Ataxia-telangiectasia (AT) and Nijmegen breakage syndrome (NBS) are both inherited disorders with increased sensitivity to ionizing radiation and other treatments inducing DNA double-strand breaks. Both syndromes have increased risk of several different lymphatic tumors. ATM (ataxia-telangiectasia mutated) is the mutated gene that is inherited in AT. AT individuals also have an increased risk for breast cancer that has been ascribed to ATM’s interaction and phosphorylation of BRCA1 following DNA damage. ATM is a protein kinase that normally initiates G2 arrest after DNA double-strand breaks occur. In Nijmegen breakage syndrome, NBS is the inherited gene that is mutated. NBS codes for nibrin (NBS1), a protein that is normally part of a trimeric complex (NBS1/MRE11/RAD50) responsible for coordinating repair of DNA double-strand breaks and recruiting ATM to the strand breaks to initiate cell cycle arrest.

ATR (ATM and RAD3 related) initiates G2 cell cycle arrest in response to persistent single-strand DNA breaks. ATR is required for cell viability, although certain inherited mutations have been found to be responsible for Seckel syndrome, which is an autosomal recessive disorder characterized by dwarfism, intrauterine growth retardation, bird-like facies, microcephaly, and mental retardation. ATR-Seckel syndrome has been found in patients with mutations in ATR. Cell lines from patients with Seckel syndrome, who are normal for ATR, show defective ATR signaling, suggesting that Seckel syndrome can be caused by mutations in other components of the ATR pathway.

Li-Fraumeni syndrome is the inherited deficiency of p53 due to germ line mutations in the gene TP53. Several different types of tumors are associated with this syndrome. The TP53 gene is also mutated in approximately 50 % of all sporadic human tumors. Cells expressing mutated p53 do not exhibit G1 cell cycle arrest, nor do they undergo p53-dependent apoptosis.

Werner syndrome presents as an accelerated aging process. Increased telomere attrition and genomic instability is observed in this syndrome and in sporadic tumors that express the dysfunctional protein from this mutated gene. The WRN gene responsible for this syndrome codes for a RECQ helicase family member (RECQL2). The WRN protein has both helicase and exonuclease functions that participate in many aspects of DNA metabolism, including maintenance of telomere structure and homology-dependent recombination. This gene has also been reported as epigenetically silenced in a large number of sporadic tumors.
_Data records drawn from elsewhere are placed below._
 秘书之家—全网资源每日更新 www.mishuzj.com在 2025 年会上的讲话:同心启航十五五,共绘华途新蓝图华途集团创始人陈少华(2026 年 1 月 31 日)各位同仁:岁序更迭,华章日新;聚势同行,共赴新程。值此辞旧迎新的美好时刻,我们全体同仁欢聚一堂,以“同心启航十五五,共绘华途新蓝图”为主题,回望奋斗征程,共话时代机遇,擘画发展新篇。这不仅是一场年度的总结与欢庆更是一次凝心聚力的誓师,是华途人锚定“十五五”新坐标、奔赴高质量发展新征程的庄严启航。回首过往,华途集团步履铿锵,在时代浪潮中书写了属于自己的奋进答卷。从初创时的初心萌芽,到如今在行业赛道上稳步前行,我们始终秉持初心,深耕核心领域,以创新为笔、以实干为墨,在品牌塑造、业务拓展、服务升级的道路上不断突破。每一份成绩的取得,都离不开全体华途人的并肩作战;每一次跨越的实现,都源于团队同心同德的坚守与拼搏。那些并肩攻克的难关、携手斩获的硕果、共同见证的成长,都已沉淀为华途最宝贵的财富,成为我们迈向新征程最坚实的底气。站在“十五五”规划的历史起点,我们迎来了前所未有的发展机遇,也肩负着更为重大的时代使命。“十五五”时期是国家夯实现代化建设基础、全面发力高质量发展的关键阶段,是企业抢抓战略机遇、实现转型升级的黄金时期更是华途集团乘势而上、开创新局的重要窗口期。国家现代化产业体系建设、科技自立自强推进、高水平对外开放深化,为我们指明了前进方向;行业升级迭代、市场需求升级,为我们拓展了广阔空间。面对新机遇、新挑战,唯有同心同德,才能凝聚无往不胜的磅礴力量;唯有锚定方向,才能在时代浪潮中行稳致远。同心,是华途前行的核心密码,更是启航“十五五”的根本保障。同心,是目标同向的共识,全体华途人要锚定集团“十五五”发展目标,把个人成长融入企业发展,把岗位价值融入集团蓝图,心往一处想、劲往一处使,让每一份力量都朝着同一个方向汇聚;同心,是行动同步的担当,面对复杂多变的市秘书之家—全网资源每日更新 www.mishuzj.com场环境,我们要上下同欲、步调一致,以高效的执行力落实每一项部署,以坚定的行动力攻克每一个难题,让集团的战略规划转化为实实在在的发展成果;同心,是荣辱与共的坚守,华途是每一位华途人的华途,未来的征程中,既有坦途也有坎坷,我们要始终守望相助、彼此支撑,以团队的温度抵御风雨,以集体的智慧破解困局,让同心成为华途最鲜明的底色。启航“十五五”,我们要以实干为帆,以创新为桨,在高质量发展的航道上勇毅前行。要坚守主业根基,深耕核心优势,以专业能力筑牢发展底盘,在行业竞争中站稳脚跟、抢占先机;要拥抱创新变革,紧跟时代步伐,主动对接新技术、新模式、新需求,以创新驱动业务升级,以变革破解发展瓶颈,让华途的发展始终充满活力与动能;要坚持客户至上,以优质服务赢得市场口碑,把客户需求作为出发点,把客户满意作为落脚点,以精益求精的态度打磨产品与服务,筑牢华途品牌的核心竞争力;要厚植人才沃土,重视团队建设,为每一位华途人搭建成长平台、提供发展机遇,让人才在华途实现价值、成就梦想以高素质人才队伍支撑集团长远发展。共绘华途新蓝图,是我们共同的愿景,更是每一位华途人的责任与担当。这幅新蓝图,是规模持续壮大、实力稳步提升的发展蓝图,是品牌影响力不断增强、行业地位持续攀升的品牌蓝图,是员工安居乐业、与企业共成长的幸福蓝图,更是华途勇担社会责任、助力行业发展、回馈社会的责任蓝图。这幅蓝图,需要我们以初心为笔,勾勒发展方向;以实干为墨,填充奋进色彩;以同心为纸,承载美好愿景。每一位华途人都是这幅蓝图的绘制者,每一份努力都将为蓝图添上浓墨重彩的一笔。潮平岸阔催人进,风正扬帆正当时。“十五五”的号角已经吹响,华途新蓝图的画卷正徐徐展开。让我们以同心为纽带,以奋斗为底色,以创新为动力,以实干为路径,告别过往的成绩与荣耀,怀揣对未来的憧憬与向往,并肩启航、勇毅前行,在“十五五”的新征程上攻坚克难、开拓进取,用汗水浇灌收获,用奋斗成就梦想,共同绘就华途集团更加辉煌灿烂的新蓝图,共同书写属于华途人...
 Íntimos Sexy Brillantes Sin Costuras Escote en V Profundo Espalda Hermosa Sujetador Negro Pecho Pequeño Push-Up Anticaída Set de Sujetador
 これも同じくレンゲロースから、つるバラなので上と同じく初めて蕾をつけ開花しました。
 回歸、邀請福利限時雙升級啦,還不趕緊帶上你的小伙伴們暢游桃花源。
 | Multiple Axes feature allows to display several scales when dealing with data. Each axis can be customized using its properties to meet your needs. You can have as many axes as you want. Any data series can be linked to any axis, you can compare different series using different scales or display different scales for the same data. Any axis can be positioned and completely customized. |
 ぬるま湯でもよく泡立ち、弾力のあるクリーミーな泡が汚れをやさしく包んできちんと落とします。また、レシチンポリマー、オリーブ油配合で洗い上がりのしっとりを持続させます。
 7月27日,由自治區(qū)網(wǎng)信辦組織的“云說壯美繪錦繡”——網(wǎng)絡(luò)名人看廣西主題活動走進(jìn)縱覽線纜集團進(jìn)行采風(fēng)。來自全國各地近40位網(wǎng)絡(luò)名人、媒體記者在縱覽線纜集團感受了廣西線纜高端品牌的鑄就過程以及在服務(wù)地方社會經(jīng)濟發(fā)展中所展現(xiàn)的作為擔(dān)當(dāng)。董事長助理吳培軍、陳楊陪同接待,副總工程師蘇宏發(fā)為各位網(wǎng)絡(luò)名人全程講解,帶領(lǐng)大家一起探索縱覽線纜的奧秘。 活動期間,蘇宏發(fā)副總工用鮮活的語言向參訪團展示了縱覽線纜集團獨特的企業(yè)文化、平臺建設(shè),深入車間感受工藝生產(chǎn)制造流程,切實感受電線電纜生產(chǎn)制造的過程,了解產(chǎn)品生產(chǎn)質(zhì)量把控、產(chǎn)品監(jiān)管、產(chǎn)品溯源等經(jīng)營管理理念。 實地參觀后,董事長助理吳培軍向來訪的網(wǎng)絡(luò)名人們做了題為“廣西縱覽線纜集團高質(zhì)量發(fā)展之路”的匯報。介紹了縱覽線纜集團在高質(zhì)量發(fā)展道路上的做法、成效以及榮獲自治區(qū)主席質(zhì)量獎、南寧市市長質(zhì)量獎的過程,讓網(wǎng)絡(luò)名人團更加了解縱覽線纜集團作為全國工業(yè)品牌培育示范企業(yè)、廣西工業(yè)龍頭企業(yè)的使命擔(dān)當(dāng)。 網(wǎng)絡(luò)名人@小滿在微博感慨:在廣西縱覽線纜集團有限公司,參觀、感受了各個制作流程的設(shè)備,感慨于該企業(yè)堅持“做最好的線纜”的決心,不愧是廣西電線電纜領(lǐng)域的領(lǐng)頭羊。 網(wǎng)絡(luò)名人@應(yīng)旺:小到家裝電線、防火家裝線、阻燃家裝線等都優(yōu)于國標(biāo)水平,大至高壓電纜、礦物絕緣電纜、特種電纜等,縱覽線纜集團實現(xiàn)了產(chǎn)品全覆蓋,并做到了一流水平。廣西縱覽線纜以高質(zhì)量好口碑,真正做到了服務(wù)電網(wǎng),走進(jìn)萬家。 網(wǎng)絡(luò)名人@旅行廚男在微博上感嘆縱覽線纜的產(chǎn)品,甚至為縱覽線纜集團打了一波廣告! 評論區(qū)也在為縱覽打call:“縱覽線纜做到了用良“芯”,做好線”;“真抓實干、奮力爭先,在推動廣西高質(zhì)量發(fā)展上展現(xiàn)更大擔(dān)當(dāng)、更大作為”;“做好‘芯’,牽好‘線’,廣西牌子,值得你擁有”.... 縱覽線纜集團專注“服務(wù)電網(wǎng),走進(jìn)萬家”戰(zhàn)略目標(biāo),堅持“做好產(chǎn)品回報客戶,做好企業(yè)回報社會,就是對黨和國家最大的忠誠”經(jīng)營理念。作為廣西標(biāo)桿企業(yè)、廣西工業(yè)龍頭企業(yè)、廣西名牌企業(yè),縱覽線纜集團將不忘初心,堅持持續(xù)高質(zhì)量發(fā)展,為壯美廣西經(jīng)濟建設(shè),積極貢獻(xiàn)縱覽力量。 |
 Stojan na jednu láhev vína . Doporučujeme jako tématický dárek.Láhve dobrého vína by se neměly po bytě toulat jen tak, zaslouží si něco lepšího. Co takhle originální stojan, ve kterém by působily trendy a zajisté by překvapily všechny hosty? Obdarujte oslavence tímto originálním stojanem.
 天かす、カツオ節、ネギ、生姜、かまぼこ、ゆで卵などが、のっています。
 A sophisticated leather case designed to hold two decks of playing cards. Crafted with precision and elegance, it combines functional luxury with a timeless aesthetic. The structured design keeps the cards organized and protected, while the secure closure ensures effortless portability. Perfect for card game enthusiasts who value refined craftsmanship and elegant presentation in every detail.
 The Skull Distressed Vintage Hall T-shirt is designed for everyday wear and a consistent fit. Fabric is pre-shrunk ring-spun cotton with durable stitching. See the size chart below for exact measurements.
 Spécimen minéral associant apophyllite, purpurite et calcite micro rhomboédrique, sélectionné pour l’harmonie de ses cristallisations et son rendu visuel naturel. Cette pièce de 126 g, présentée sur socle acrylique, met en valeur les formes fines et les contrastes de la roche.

Bloom syndrome is due to mutations of the BLM gene, which belongs to the DExH box-containing RecQ helicase subfamily. Cells harboring this mutated gene have a spontaneous mutation rate ten times higher than normal with highly increased rates of chromosome breakage and excessive HR activity. This helicase protein is thought to play a major role in DNA replication and HR.

Rothmund-Thomson syndrome is a very rare disorder that can severely affect many parts of the body, with increased incidence of osteosarcoma and skin cancer predominating. The RECQL4 helicase gene is mutated in this disorder. The gene product appears to play some role in replicating and repairing DNA, although little is understood currently about its function.